A couple thoughts for your edification, thoughts only unified by a wretched malaise about the lack of detail and creativity that too often creeps into public discourse. The first presents a method to prosecute Canadian police for abuses of power. The second reminds us that Canada’s constitution doesn’t make either level of government completely responsible for health care.
Courts must guard against the illegitimate use of power by the police against members of our society, given its grave consequences.
Justice Lebel, R. v. Nasogaluak
When does a police officer or a police force move beyond reasonable grounds for enforcing the law or using force? This question was painfully begged over the weekend when Ottawa police removed protesters camping at a busy intersection the night before they were set to meet with the Ottawa Police Services Board. Twelve people were charged.

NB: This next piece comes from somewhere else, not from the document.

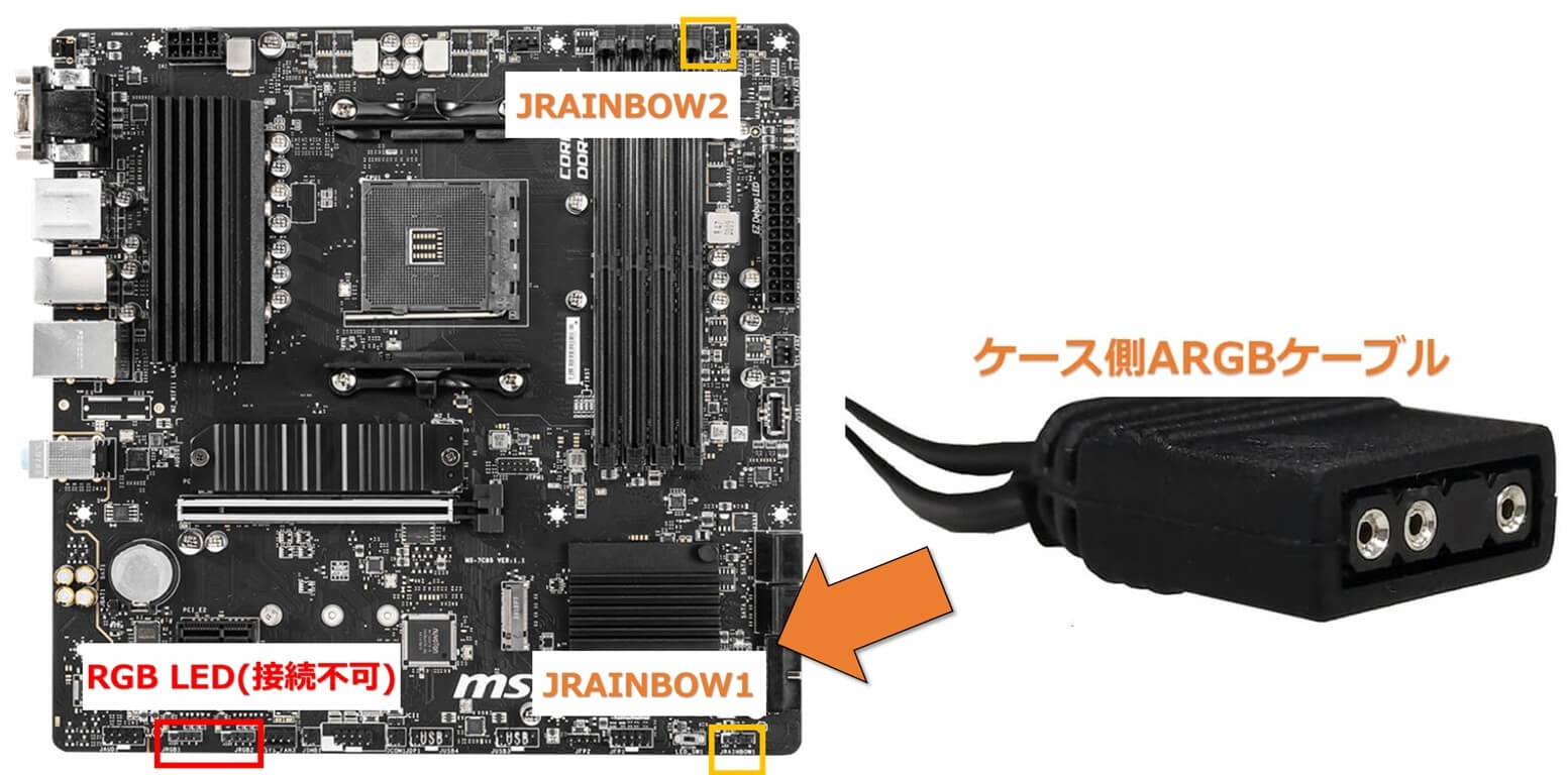 ・PCケース側のARGBケーブルをマザーボードに接続する際は「JRAINBOW1」端子に接続してください。

The Criminal Code protects on-duty officers from civil and criminal liability if they are acting ‘on reasonable grounds’. This section is typically used when force is unreasonably used. It can, however, serve as a ‘civil rights offense’ in a way similar to section 243.1 of the American Model Penal Code.

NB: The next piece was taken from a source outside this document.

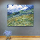 A fine art wrapped canvas with the post-impressionist painting, Wheat Field with Mountains (1889), by Vincent van Gogh (1853-1890). Green fields on a mountainside with a cloudy blue sky, painted in Saint-Remy-Blanzy, France.
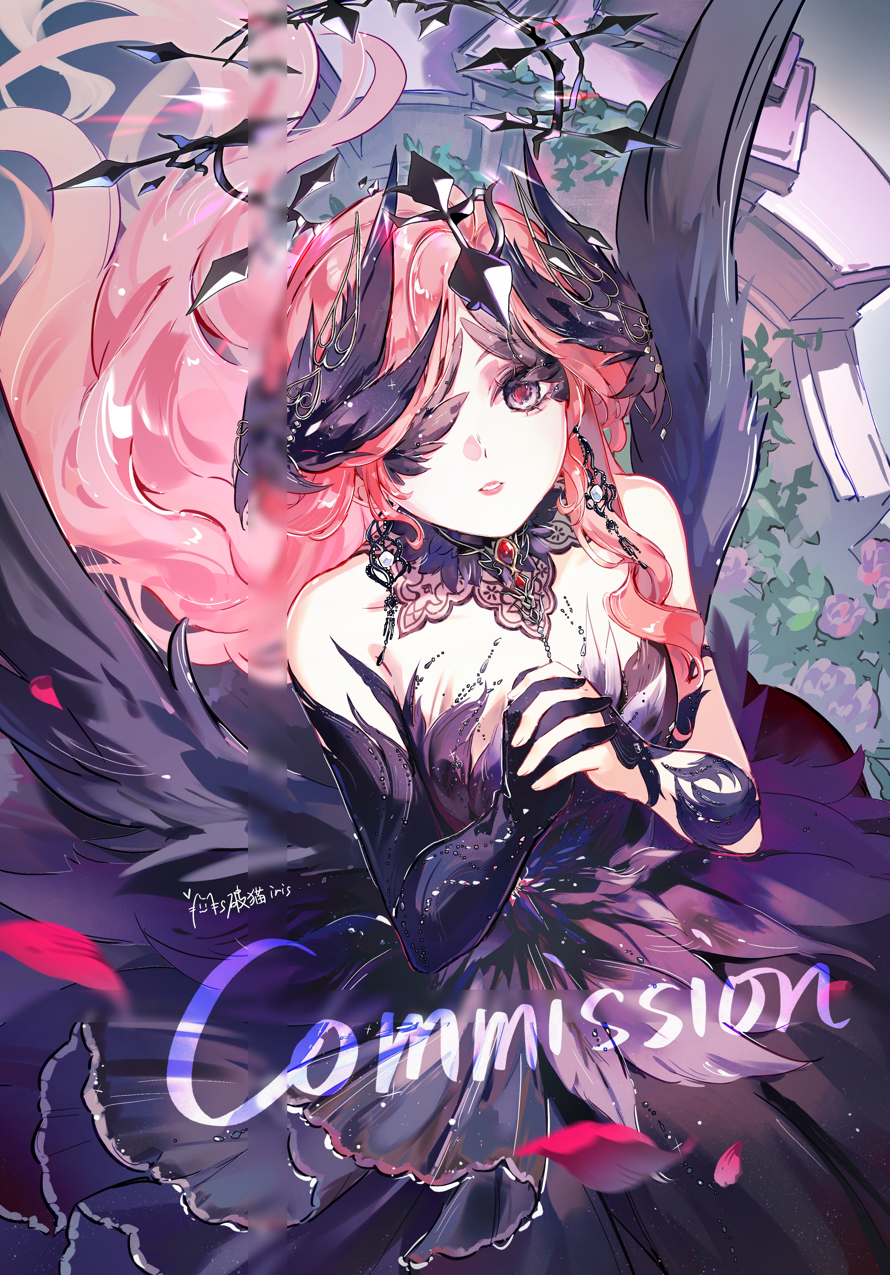 1girlabsurdly long hairarm warmersasymmetrical sidelocksbare shouldersbird wingsblack arm warmersblack collarblack dressblack glovesblack haloblack wingsbreastscollarcollarbonecowboy shotdot nosedressearringselbow glovesempty eyesexpressionlesseyelashesfeather-trimmed dressfeather-trimmed glovesfeathered wingsfloating hairfrom abovegemglovesgowngrey eyeshair ornamenthalointerlocked fingersjewelrylace collarlarge breastslight particleslipsticklong dresslong hairlong sidelockslooking at viewermakeupone eye closedown hands claspedown hands togetherparted lipspillarred gemstonered hairred lipsred pupilssidelockssignaturesingle arm warmersingle elbow glovesolospiked halospread wingsstraplessstrapless dressteethvery long hairwatermarkwavy hairwing hair ornamentwings

An unreasonable arrest, for example, could be construed as assault or forcible confinement. The balance between police immunity and criminality is not well-defined because it all hangs on the phrase “on reasonable grounds”.

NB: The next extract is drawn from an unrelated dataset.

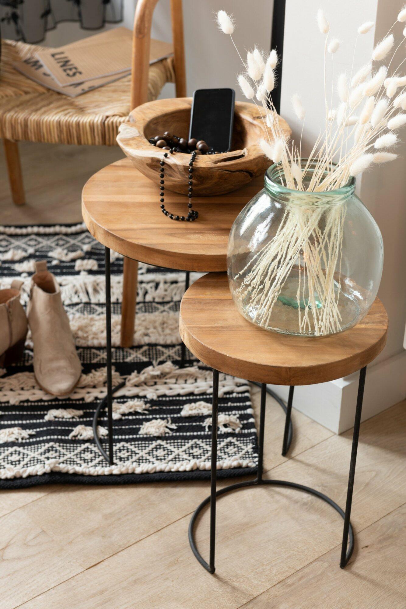ROUND SIDE TABLES TEAK WOOD SET OF 2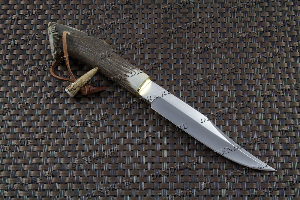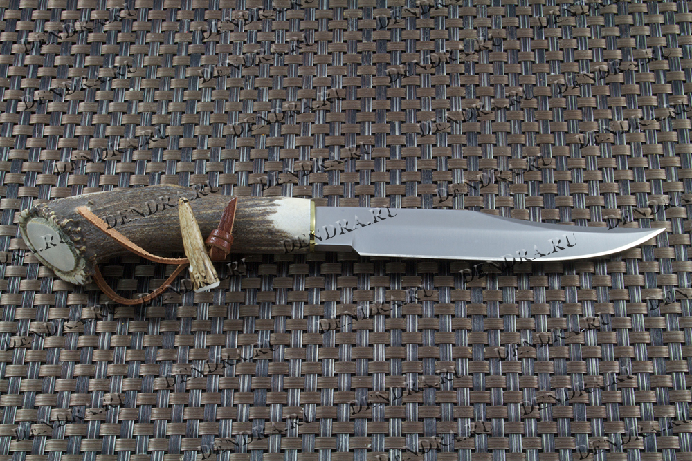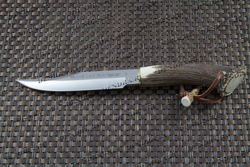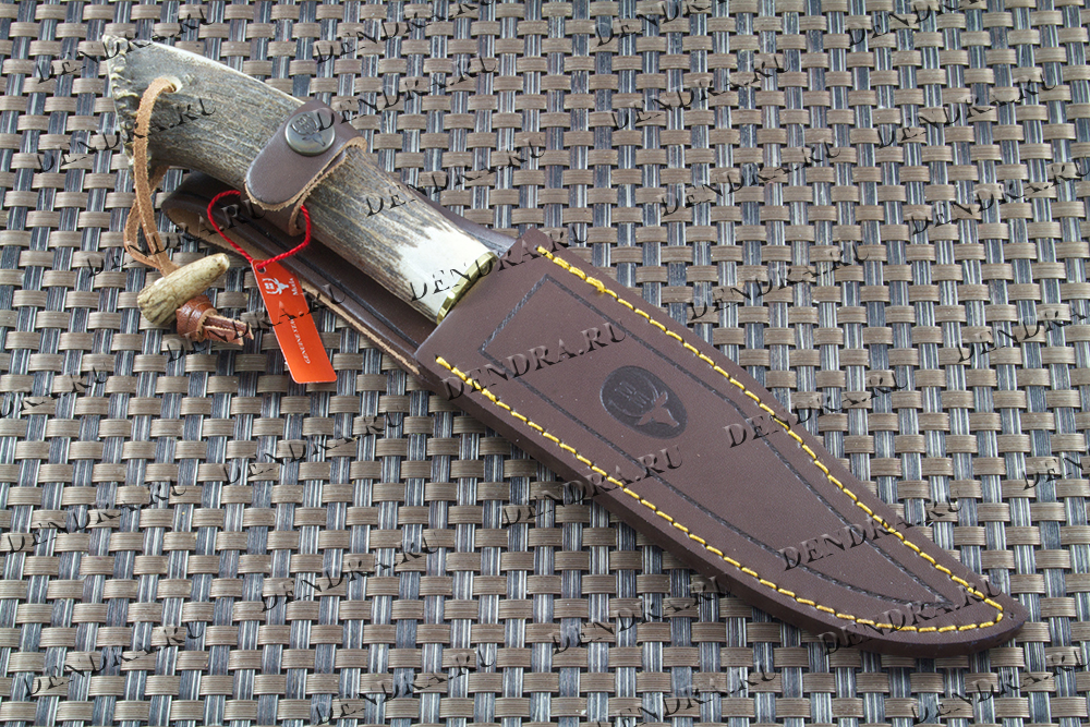 Нож "CAZ" с фикс клинком длиной 16 см, рукоять рог оленя с кроной, ножны кожа

That phrase requires police to act in an ‘objectively reasonable basis basis, given the circumstances faced by the police officer, for the actions undertaken by the officer’. The courts give officers a wide margin of error, but when multiple officers plan a police action, like disrupting a peaceful protest, that margin is significantly reduced.
The question that needs to be asked after the arrests that were made on Saturday morning is: were a series of arrests made by the Ottawa Police Service on the morning of November 21 reasonable given that these protesters were going to meet with the police force’s political masters that day?
*N.B. See also section 7 of the Charter of Rights and Freedoms.*
Health Care isn’t an enumerated provincial power
Or, why don’t people who write read about what they are writing?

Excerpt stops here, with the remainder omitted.